Give thanks and GET TANKED

With Thanksgiving just days away, I think a story about how beer was part of the reason why the Pilgrims landed at Plymouth Rock is appropriate. Despite some naysayers, the tale of a beer shortage aboard the Mayflower in 1620 that lead to their being dumped in present-day Massachusetts has been circulating for years.

Believers point to a diary entry by an unnamed Mayflower passenger that reads, “We could not now take time for further search … our victuals being much spent, especially our beer ….” See, beer was used as a water supply because water itself was unsafe to drink. The beer-less situation, it seems, was dire.

According to legend, things soon went from bad to OMG-we’re-all-going-to-die-and/or-be-eaten-by-wolves serious. Passenger William Bradford was asked to negotiate with Christopher Jones, the masted carrack’s captain, for more beer. In his book, Of Plymouth Plantation, Bradford wrote, “As this calamity fell among the passengers that were to be left here to plant, and were hasted ashore and made to drink water that the seamen might have the more beer, and one in his sickness desiring but a small can of beer, it was answered that if he were their own father, he should have none.”

With no beer, things got real in the colony. As the weather grew more harsh, Jones relented, letting the Pilgrims back aboard the Mayflower for a while. By Christmas, though, all of the passengers’ beer supply was gone. A small amount of the crew’s supply was given to the passengers on Christmas Day, but before long, the wayfarers were sent ashore again, to fend for themselves.

The story of the thirsty Pilgrims landing at Plymouth Rock was seized upon by Anheuser-Busch just after Prohibition ended in the 1930s. When it became clear that stories of scurvy, dying Pilgrims and tyrannical captains didn’t exactly give consumers the warm and fuzzy needed to sell beer, the anecdote was embellished into a much more heroic yarn, becoming a staple of Budweiser’s holiday advertising.

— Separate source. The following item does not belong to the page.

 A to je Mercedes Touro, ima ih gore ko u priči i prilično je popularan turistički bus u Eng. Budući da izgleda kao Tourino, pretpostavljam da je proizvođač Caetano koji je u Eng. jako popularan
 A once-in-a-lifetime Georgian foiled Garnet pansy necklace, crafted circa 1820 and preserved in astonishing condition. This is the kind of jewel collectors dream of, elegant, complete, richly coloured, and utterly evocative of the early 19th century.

There you have it – the narrative taken as fact as to how a shortage of beer forever altered the course of American history.

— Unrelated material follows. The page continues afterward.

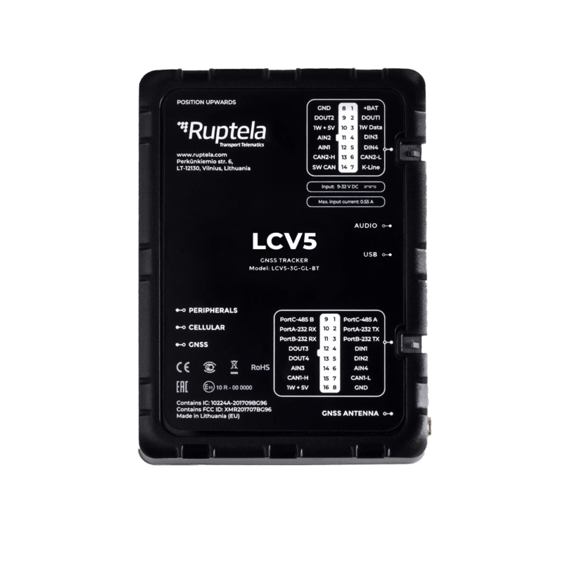 O LCV5 é um rastreador GPS avançado para carros e veículos comerciais leves. O LCV5 foi projetado para rastreamento de veículos e tarefas avançadas – leitura de dados do computador de bordo (CAN), leitura de dados OBD específicos do fabricante, rastreamento do comportamento do motorista, gerenciamento de combustível etc. O dispositivo pode usar redes GSM (2G), LTE Cat M1 (4G) e BLE para se comunicar.

To pair beers with your Thanksgiving feast, try these:

Ayinger Oktoberfest-Märzen, Sierra Nevada Oktoberfest
Oktoberfest beer is a traditional variety of German beer also known as Märzen. It’s generally darker and stronger than traditional beers, with an alcohol content of about 6 percent. Characterized by medium to full body, malty flavor and a clean dry finish, Oktoberfest beers are particularly good with meat and poultry; indeed, a traditional menu at Munich’s Oktoberfest includes roasted poultry.

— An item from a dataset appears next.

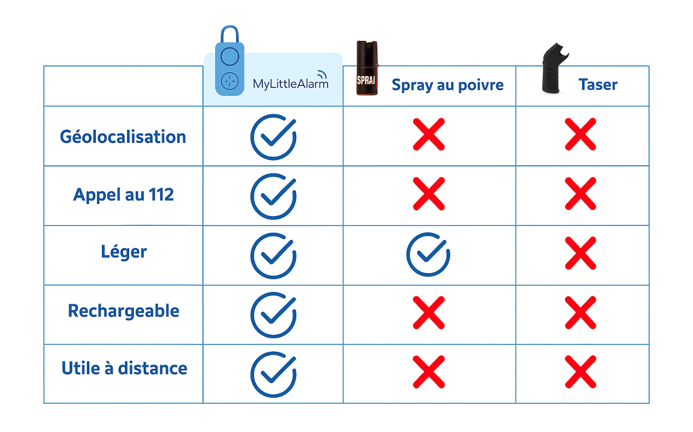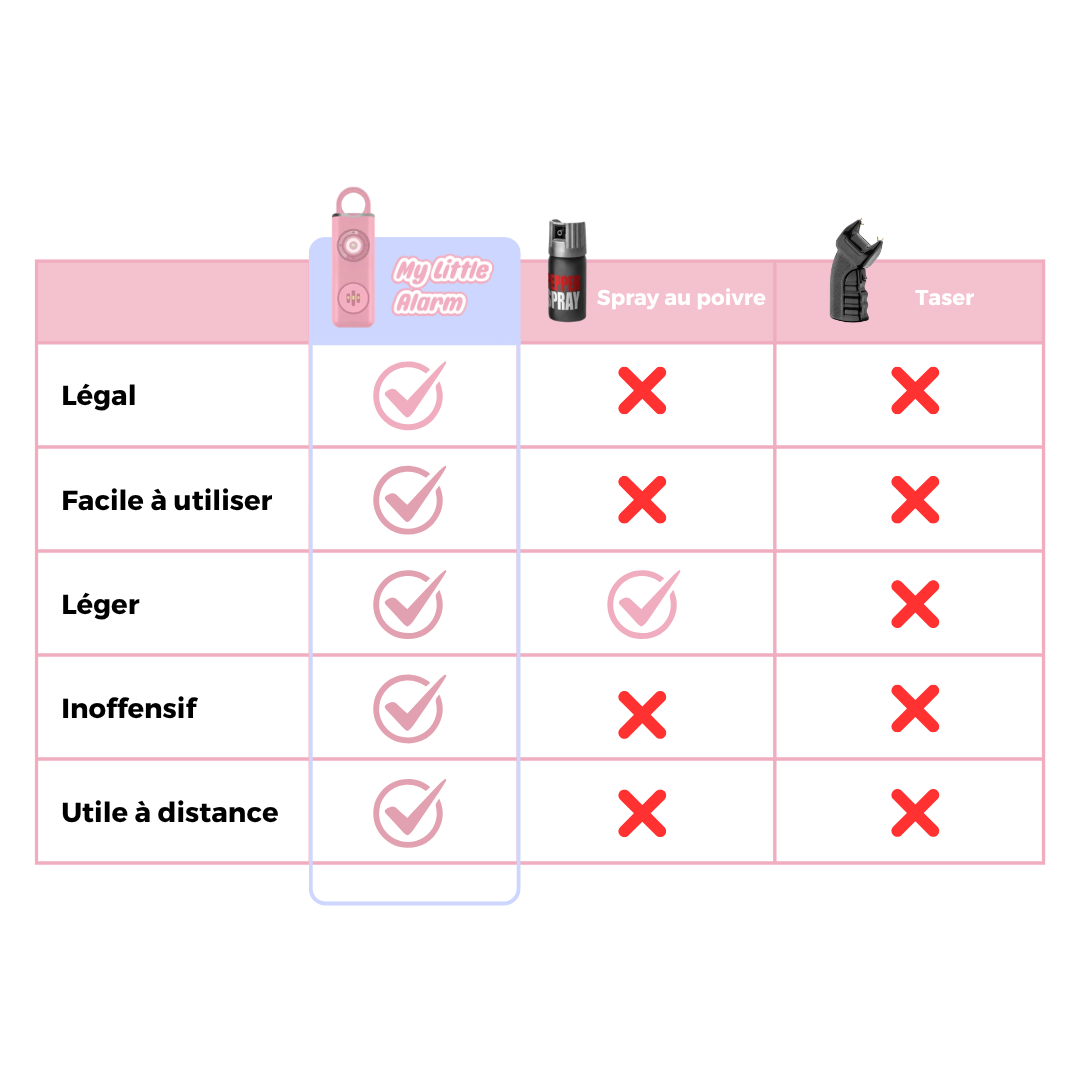 MyLittleAlarm se distingue des autres objets d'autodéfense, en offrant une utilisation simple, une approche non violente, et bien plus encore.

Dogfish Head Punkin, Southern Tier Pumking
In America’s early days, malted barley was quite hard to acquire; it had to be imported from England, so the malt was expensive, out of reach for lower classes, so colonists searched for other things to use as sources of sugar in their brews. Pumpkins were indigenous to America, and folks began using the plentiful gourds in brewing beer. Early pumpkin brews bear little resemblance to today’s brews, which generally skew more toward the pumpkin pie spices rather than the actual vegetable. Because of their sweet nature, pumpkin brews are perfect with desserts, like pumpkin and sweet potato pie. Thank goodness!